This is almost OK now, but it is a bad idea to write things like \frac{2}{s} = 2 because that is false, and might get you a mark of zero just for writing it. If you mean that the inverse transform of 2/s is 1, why not just say so, or maybe use a better notation, such as L^{-1}(2/s) = 1 or 2/s \longrightarrow 1? Also, in LaTeX, if you want e^{-t} rather than your e^-t,, you need to use a curly bracket. To get a^{anything}, put the "anything" between curly brackets, like this: {anything}. If you don't, you will get a^anything.

RGV

 

[Twinflower]

I didnt find the arrow in latex, but in my hand written notation i always use that.

 

[Ray Vickson]

I didnt find the arrow in latex, but in my hand written notation i always use that.

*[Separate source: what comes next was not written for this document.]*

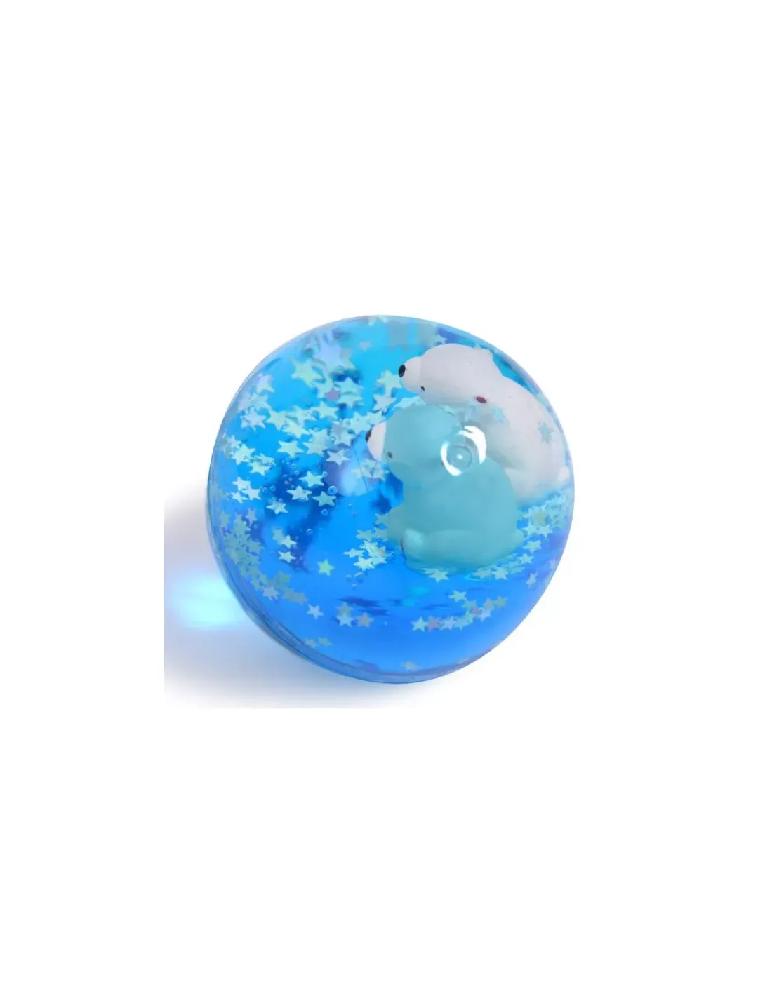 Une grosse balle rebondissante remplie de liquide coloré, où l’on voit un ours se baigner au milieu d’étoiles brillantes!

There are various types of arrows.
\text{\rightarrow gives} \rightarrow, \text{\longrightarrow gives} \longrightarrow, \text{\Rightarrow gives} \Rightarrow, \text{\Longrightarrow gives} \Longrightarrow.

 

[I like Serena]

I like \to ($\to$), which is nice and short to type.

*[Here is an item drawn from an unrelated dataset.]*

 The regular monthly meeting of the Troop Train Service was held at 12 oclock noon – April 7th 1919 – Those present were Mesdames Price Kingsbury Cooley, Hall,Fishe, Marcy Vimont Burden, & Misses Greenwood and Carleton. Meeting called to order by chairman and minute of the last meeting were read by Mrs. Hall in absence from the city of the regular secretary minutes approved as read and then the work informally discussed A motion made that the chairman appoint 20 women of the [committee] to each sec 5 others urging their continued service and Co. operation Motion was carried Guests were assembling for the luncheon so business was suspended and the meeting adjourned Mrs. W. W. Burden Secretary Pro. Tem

I also like \mathcal{L} $\mathcal{L}^{-1}(\frac 2 s) = 2$, or more formally $\mathcal{L}^{-1}_s[ \frac 2 s ](t) = 2$.

 

[Ray Vickson]

I like \to ($\to$), which is nice and short to type.

I also like \mathcal{L} $\mathcal{L}^{-1}(\frac 2 s) = 2$, or more formally $\mathcal{L}^{-1}_s[ \frac 2 s ](t) = 2$.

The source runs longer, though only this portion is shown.